Because plants can't flee drought, they deploy an array of survival strategies while awaiting better growing conditions. Their drought responses are controlled by a hormone known as abscisic acid (ABA), which regulates growth and development and directs plants' reaction to stress.

Plants' short-term drought responses include closing their stomata - holes that "exhale" water - and creating extra wax to seal moisture within leaves. Long-term drought conditions cause plants to go into dormancy and redirect water and nutritional resources away from leaves to sink tissues such as seeds and buds, reservoirs for new growth. A shriveled, leafless plant might appear dead but is often executing a line of defense.

Zhao and his fellow researchers found that altering plants to overexpress PYL9 made them highly sensitive to ABA. A stress-responsive promoter protein controlled the level of PYL9 expression in the plants.

The gene alterations enabled Arabidopsis and rice to better withstand severe drought stress and caused older leaves to yellow sooner compared with the plants' wild type counterparts.

PYL9 transgenic rice had a 50 percent survival rate after a two-week drought compared with 10 percent survival in wild type rice. Zhao cautioned, however, that the spike in survival rate does not mean that the yield of the transgenic plants under drought conditions would equal that of conventional rice varieties under good growing conditions. The study did not test for yield.

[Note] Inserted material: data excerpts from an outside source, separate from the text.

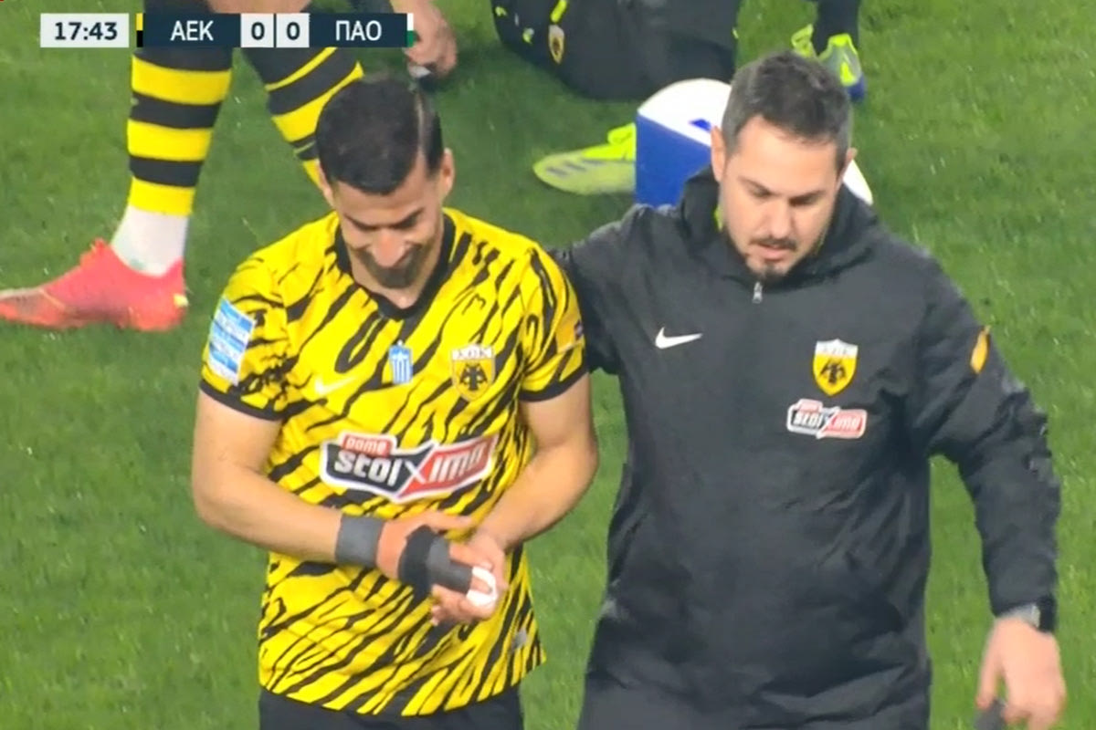 Ο Εχσάν Χατζισαφί συνέχισε το ντέρμπι με ράμματα και δεμένο το δεξί του χέρι κοντά στον καρπό. Ο Ιρανός μπακ έπεσε άτσαλα μετά από εναέρια μονομαχία με τον Παλάσιος, του σκίστηκε το χέρι και το ιατρικό επιτελείο της ΑΕΚ του έκανε ράμματα για να μπορέσει να συνεχίσει το ματς.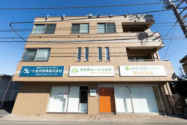 クローバーグループ小金井祭典でございます。自社ホールは小金井市前原町、前原坂下の教習所先のファミリーマートのすぐ横にございます。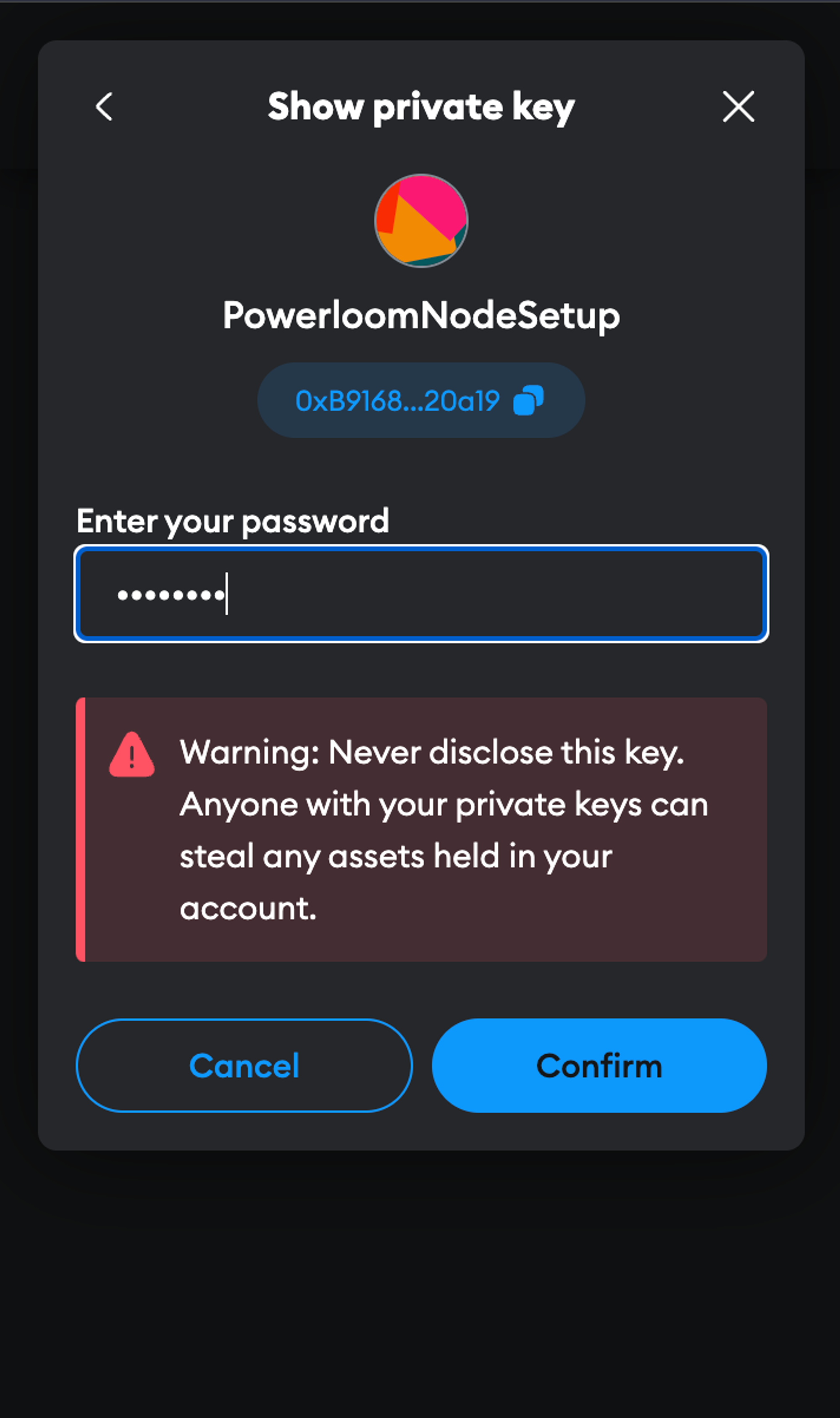 Enter the password, and as you can see, it is telling us to never share private keys with anyone. We have set up a burner wallet so no worries. Now click and hold on “Hold to reveal your Private Key.” Copy it and paste in .env for SIGNER_ACCOUNT_PRIVATE_KEY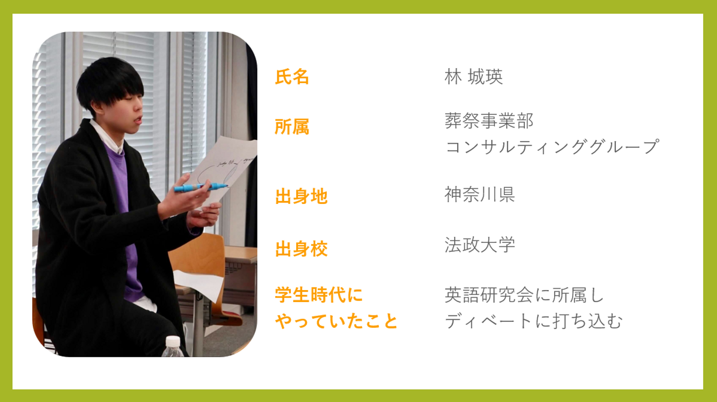 応募のきっかけは祖父が亡くなったことです。死生観を見つめ直し、就職活動の土壇場でエンディング業界に方向転換しました。「ポジティブな最期を迎えるため、前向きに生きる人を増やしたい」と決心したんです。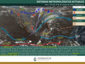 En el oriente del Istmo de Tehuantepec el viento se mantendrá del norte, con intensificación durante la tarde y velocidades promedio de 40 a 60 kilómetros por hora; así como oleaje ligeramente elevado en aguas costeras del Golfo de Tehuantepec.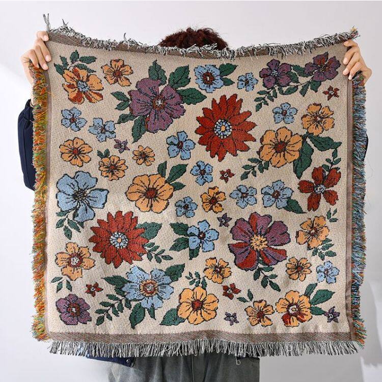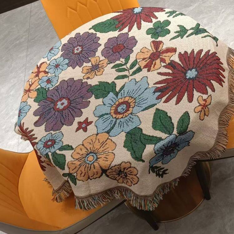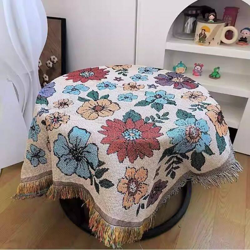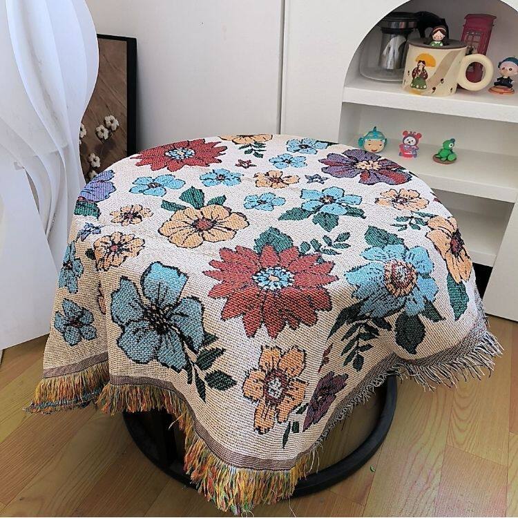 ins桌布茶几圆桌方桌野餐桌高级盖巾台布花满园流速线毯盖布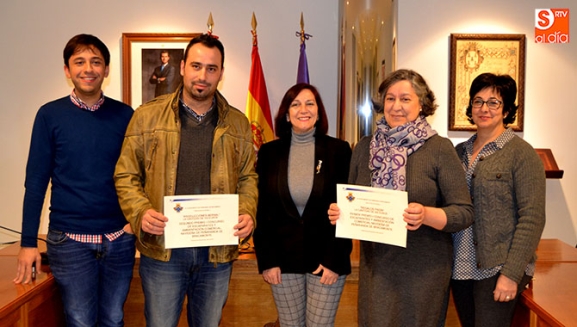 La alcaldesa de Peñaranda, Carmen Ávila, y el concejal de festejos Francisco Díaz, entregaban este martes los premios del I Concurso de escaparates y ambientación navideña organizado por el Ayuntamiento.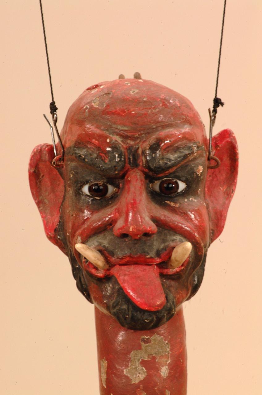 Due fori sopra la testa, erano probabilmente l'alloggio per delle corna. \nDue zanne inserite nella bocca, ottenute da corna di animale. \nAggancio ad anello sulla tetsa, utilizzato in passato per il bilancino a pugnetto.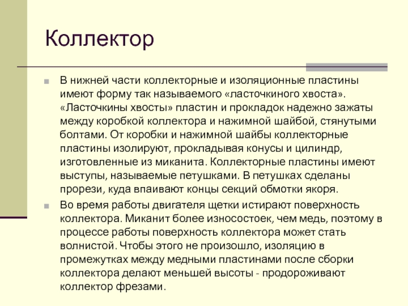 «ласточкиного хвоста». «Ласточкины хвосты» пластин и прокладок надежно зажаты между коробкой коллектора и нажимной шайбой, стянутыми болтами. От коробки и нажимной шайбы коллекторные пластины изолируют, прокладывая конусы и цилиндр, изготовленные из миканита. Коллекторные пластины имеют выступы, называемые петушками. В петушках сделаны прорези, куда впаивают концы секций обмотки якоря.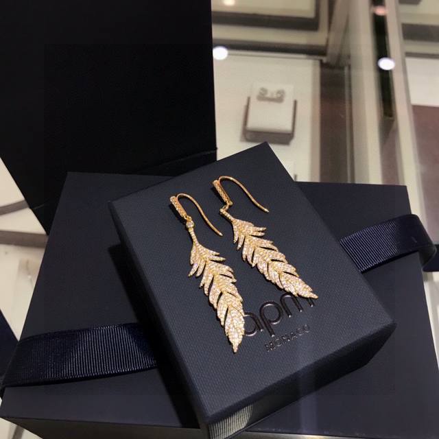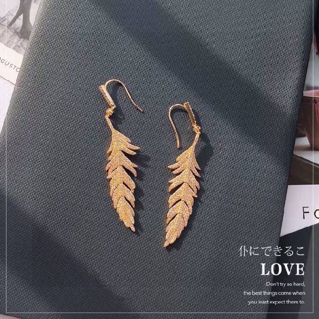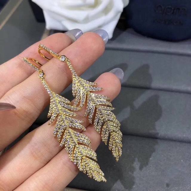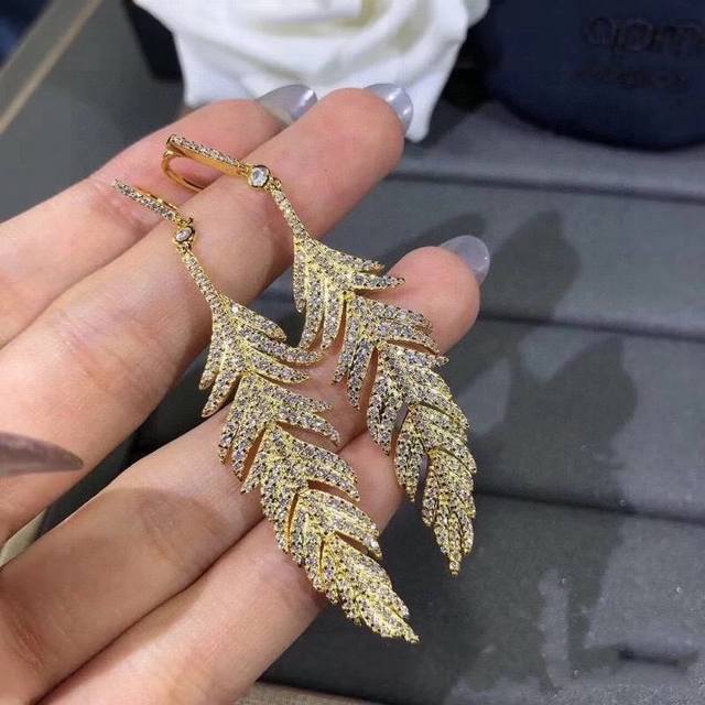 A batch M Monaco1 Feather ear cuffs for women, fashionable and elegant silver jewelry, unique style, selected original imported materials, thick gold plating, original 1:1 customization.

"We still can't really solve the problem of drought," he said. "But we can make it better. In extreme drought conditions, even a bad yield would be better than nothing in terms of preserving human life."

The transgenes did not affect plant growth and development under normal conditions, which suggests that they could be used to improve crop drought tolerance.

"It is challenging to figure out the specific function of individual PYL proteins," said Jian-Kang Zhu, distinguished professor of plant biology and the study's principal investigator. "This study not only illuminates the function of PYL9 in stress-induced leaf senescence but also demonstrates a great potential for using PYL9 to improve plant drought resistance."

Unexpectedly, when transgenic plants were treated with ABA under normal conditions, the old leaves started to wilt, even though the plants received enough water. This suggests that the plants had blocked their old leaves' access to water, preferentially driving water to developing tissues instead.

The research team concluded that during severe drought conditions, hypersensitivity to ABA leads to increased senescence and death of old leaves but protects young tissues by sending them into dormancy. The study also suggests that the ABA core signaling pathway plays a crucial role in plant survival during extreme drought and that senescence is a beneficial drought defense strategy, previously points of contention among plant scientists.

"This common connection finally uncovers the underlying molecular mechanism of drought-and ABA-induced leaf senescence and its association with the ability to survive extreme drought," Zhao said.

The study was published in Proceedings of the National Academy of Sciences on Monday (Feb. 1, 2016).